_Exercise requirements_. Only the stretch below from the line holding "pulbere carbonizată din: crenguțe" through the line holding "Brown 3-Piece Wicker" should be restated, word for word and with both ends included; pictures stay out.

_Data for review_.
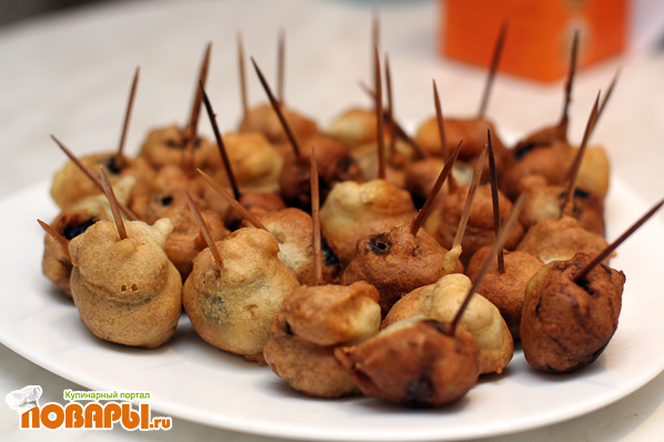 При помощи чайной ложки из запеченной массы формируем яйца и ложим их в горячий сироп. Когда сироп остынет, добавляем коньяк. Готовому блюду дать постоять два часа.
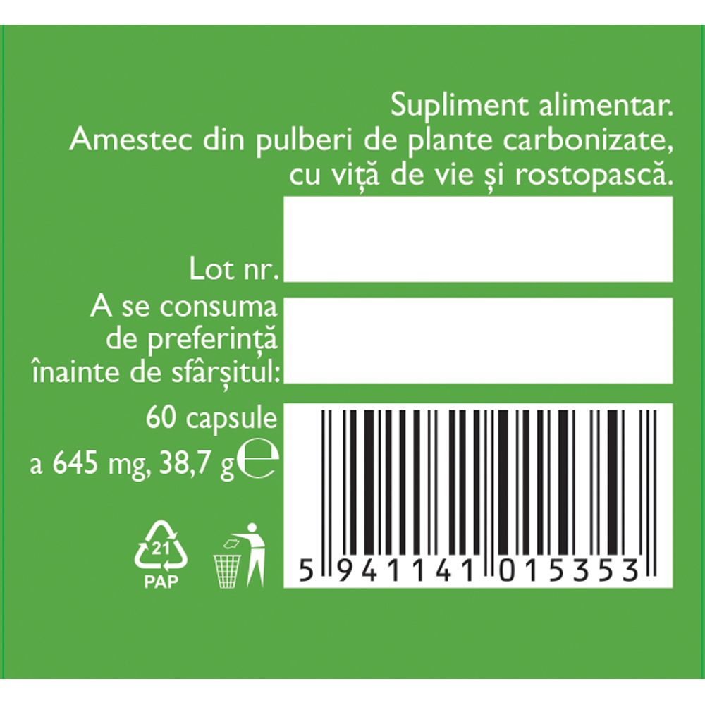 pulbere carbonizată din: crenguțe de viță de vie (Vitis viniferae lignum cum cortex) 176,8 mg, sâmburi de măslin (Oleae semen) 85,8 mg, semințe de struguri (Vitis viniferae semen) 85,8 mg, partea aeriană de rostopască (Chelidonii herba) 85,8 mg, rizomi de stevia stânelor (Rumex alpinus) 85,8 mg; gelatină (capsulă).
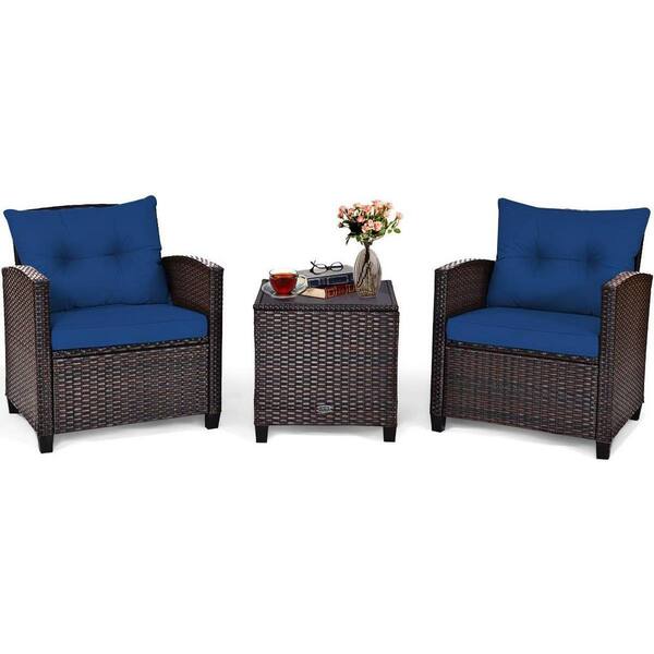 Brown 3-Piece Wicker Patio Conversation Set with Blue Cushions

==

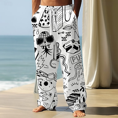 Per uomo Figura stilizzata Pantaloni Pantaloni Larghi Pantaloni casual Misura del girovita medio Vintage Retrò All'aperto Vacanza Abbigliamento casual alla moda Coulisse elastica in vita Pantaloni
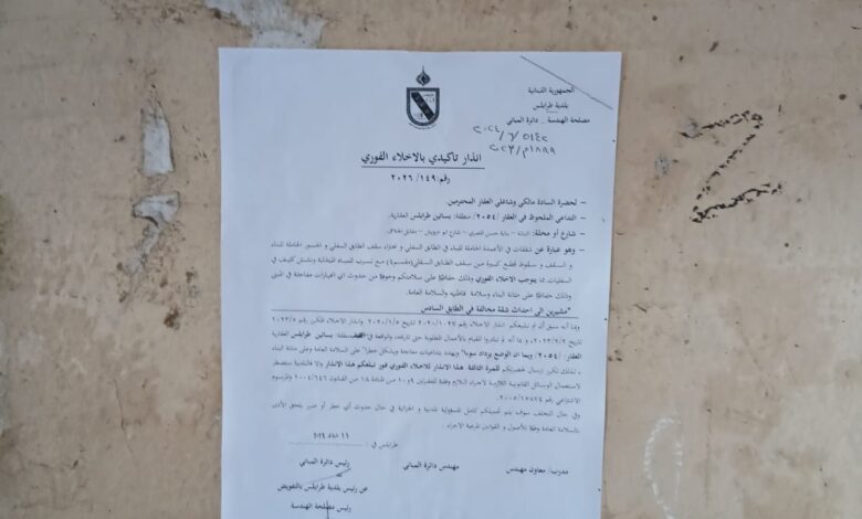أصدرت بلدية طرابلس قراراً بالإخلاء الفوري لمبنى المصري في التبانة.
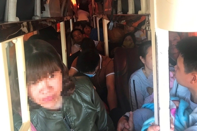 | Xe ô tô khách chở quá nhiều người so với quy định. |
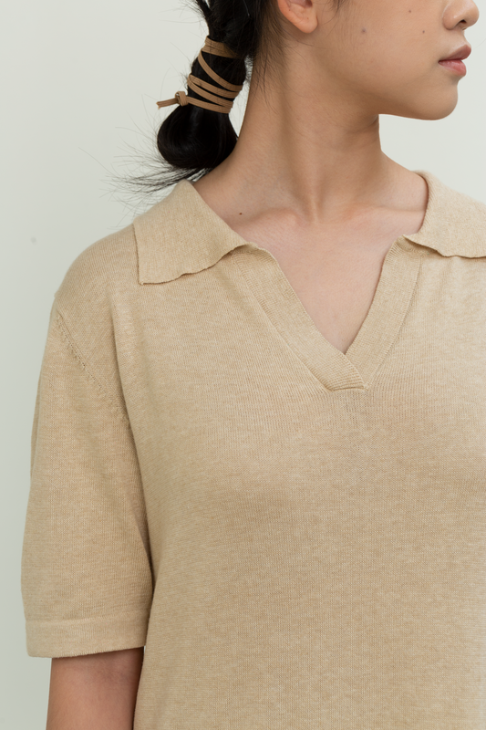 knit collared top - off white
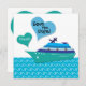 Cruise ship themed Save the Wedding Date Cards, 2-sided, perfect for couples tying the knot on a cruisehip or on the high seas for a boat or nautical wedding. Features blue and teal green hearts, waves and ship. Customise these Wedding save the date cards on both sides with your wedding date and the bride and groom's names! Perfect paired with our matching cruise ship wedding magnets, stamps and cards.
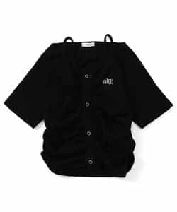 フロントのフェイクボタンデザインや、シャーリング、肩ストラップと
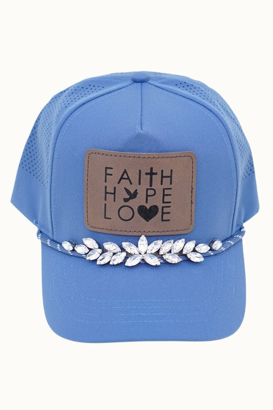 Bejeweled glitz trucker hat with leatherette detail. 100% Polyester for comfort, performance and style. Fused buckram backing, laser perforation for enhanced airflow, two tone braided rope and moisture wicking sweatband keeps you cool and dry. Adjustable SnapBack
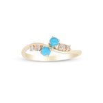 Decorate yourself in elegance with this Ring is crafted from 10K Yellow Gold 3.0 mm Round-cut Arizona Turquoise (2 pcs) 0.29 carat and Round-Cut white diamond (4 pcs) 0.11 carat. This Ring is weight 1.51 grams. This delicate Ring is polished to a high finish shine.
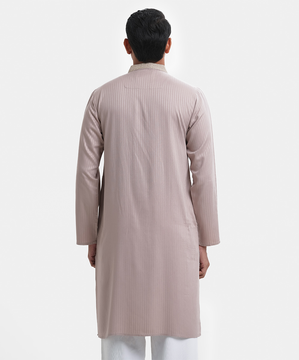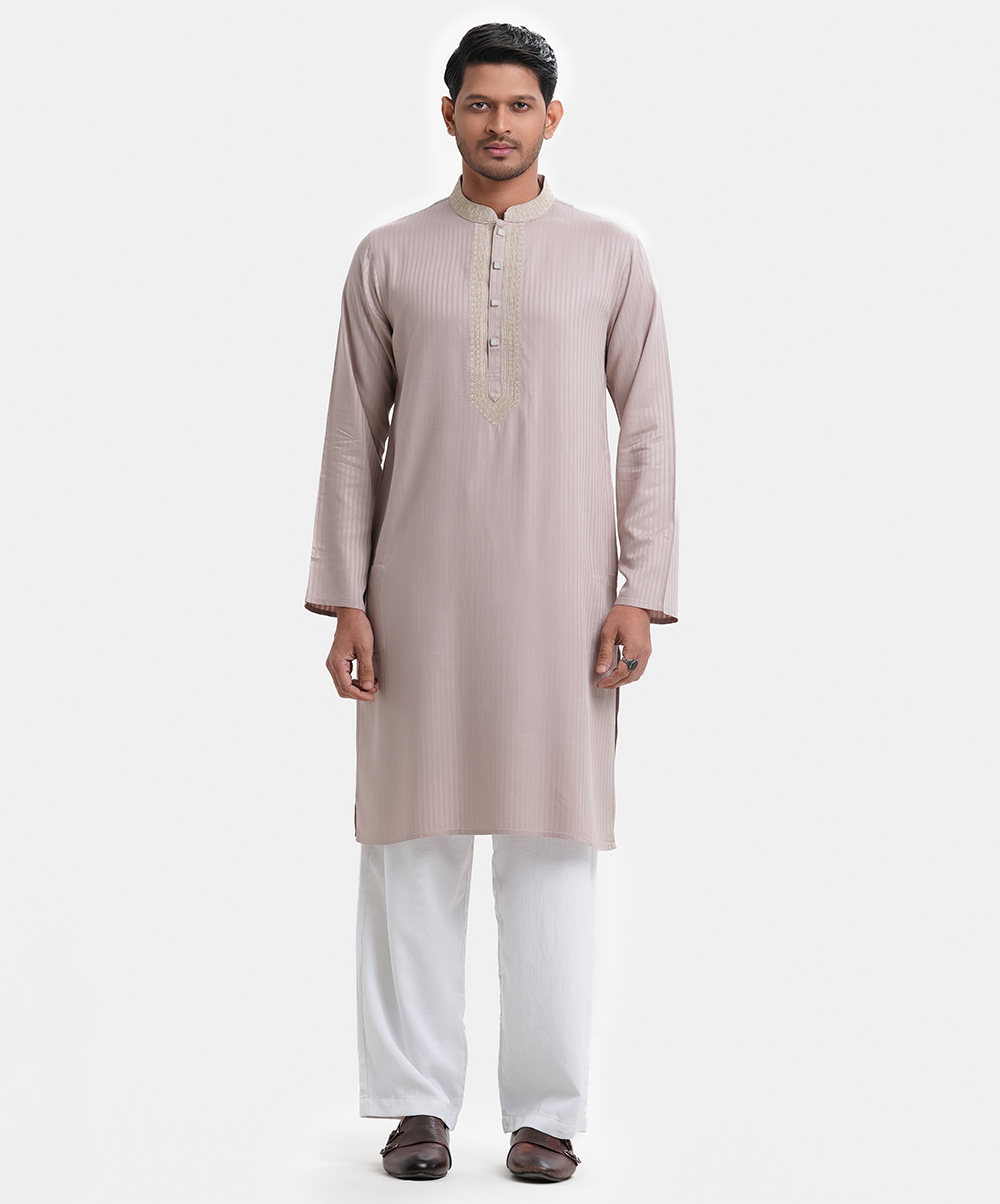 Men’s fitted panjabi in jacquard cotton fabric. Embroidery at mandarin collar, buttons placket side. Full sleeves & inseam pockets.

_Exercise output_.
 pulbere carbonizată din: crenguțe de viță de vie (Vitis viniferae lignum cum cortex) 176,8 mg, sâmburi de măslin (Oleae semen) 85,8 mg, semințe de struguri (Vitis viniferae semen) 85,8 mg, partea aeriană de rostopască (Chelidonii herba) 85,8 mg, rizomi de stevia stânelor (Rumex alpinus) 85,8 mg; gelatină (capsulă).
 Brown 3-Piece Wicker Patio Conversation Set with Blue Cushions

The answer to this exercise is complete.